You bet thanks for stoppin by!



Jay D said:


> The valco's I use to see were pretty stout boats, I am sure a 15hp 2 stroke would work fine. My 14' richline w/9.9 puts it on plain at 12 mph with me alone. I think if you went to a 15 it would push your 12' great.


Sweet good to hear...ill just have to stouten up the transom



bpoulin said:


> What I'd do is research what 9.9's are actually 15's with a smaller carb, then put the bigger carb on. Possibly even bring it in to the shop to see if it can get bored over and get a bigger piston in it. This way the cowl still says 9.9, and you can run it on restricted lakes :wink:


Lol ill just paint a 9.9 logo on there lol...



FuzzyGrub said:


> Just let that 4hp screem!  OK I'm betting you ment 40. I have no experience in over powering by that much. Just make sure you attach that lanyard during the testing phase.


Yea i meant 4stroke...not too interested in a 2stroke motor. 



nomowork said:


> My 13 1/2 foot Gregor has a maximum hp rating of 20. I sold the 20hp Johnson that it came with and bought a brand new 15hp four stroke Honda. I didn't weigh it but it was heavier to mount than the old 2 stroke. I think a 9.9 would have been adequate in my case but oh well.


How fast that 15hp goin?


----------



## nomowork (Aug 5, 2011)

aeviaanah said:


> nomowork said:
> 
> 
> > My 13 1/2 foot Gregor has a maximum hp rating of 20. I sold the 20hp Johnson that it came with and bought a brand new 15hp four stroke Honda.
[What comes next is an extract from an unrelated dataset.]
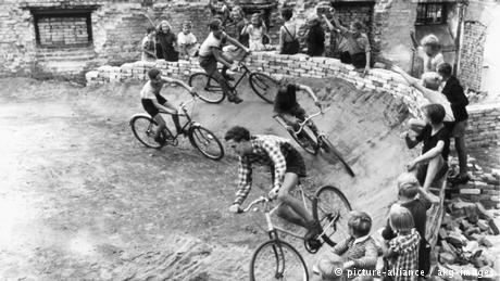 Para superar a triste rotina entre as ruínas após a Segunda Guerra Mundial, as pessoas tiveram de ser muito criativas. Não havia muitas possibilidades na Alemanha pós-guerra. Era preciso saber aproveitar o que havia à disposição. Na foto de 1953, crianças e jovens construíram um velódromo em Berlim usando restos dos escombros.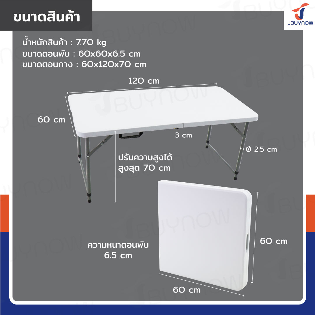 โต๊ะพับได้ HDPE โต๊ะปิกนิค 60x120x70 ซม. สีขาว JBUYNOW Z120A

I didn't weigh it but it was heavier to mount than the old 2 stroke. I think a 9.9 would have been adequate in my case but oh well.
> ...



Oh it'll go fast enough for me. I'm still in the break in period and have only ran it a few times in the water but it's plenty fast enough to get the job done. I have it trimmed up to the highest setting to help keep the boat level and that's with a passenger in the front.


----------



## sirbeigealot (Aug 6, 2011)

My 14' Valco has a 7.5.
It seems to be adequate, but someday I'd like to get something bigger.

Check this out:
https://youtu.be/koNjVSNk4v0


----------



## aeviaanah (Aug 9, 2011)

nomowork said:


> aeviaanah said:
> 
> 
> > nomowork said:
> ...


Sweet, good to hear, can you take a guess on mph? Still deciding on HP.



sirbeigealot said:


> My 14' Valco has a 7.5.
> It seems to be adequate, but someday I'd like to get something bigger.
> 
> Check this out:
> https://youtu.be/koNjVSNk4v0


Sweet, i never thought of takin this baby to the ocean...just always though of freshwater. Sounds like fun. That is a 25 HP tho eh? Looks like she gets it on.


----------



## erwinner (Aug 9, 2011)

I've got a 15hp 4 stroke Merc on my 14' Grumman V and it planes out in a heartbeat when I'm solo. I can about keep up with an older jet ski! No speedo but I wouldn't want to go any faster on it, honestly.


----------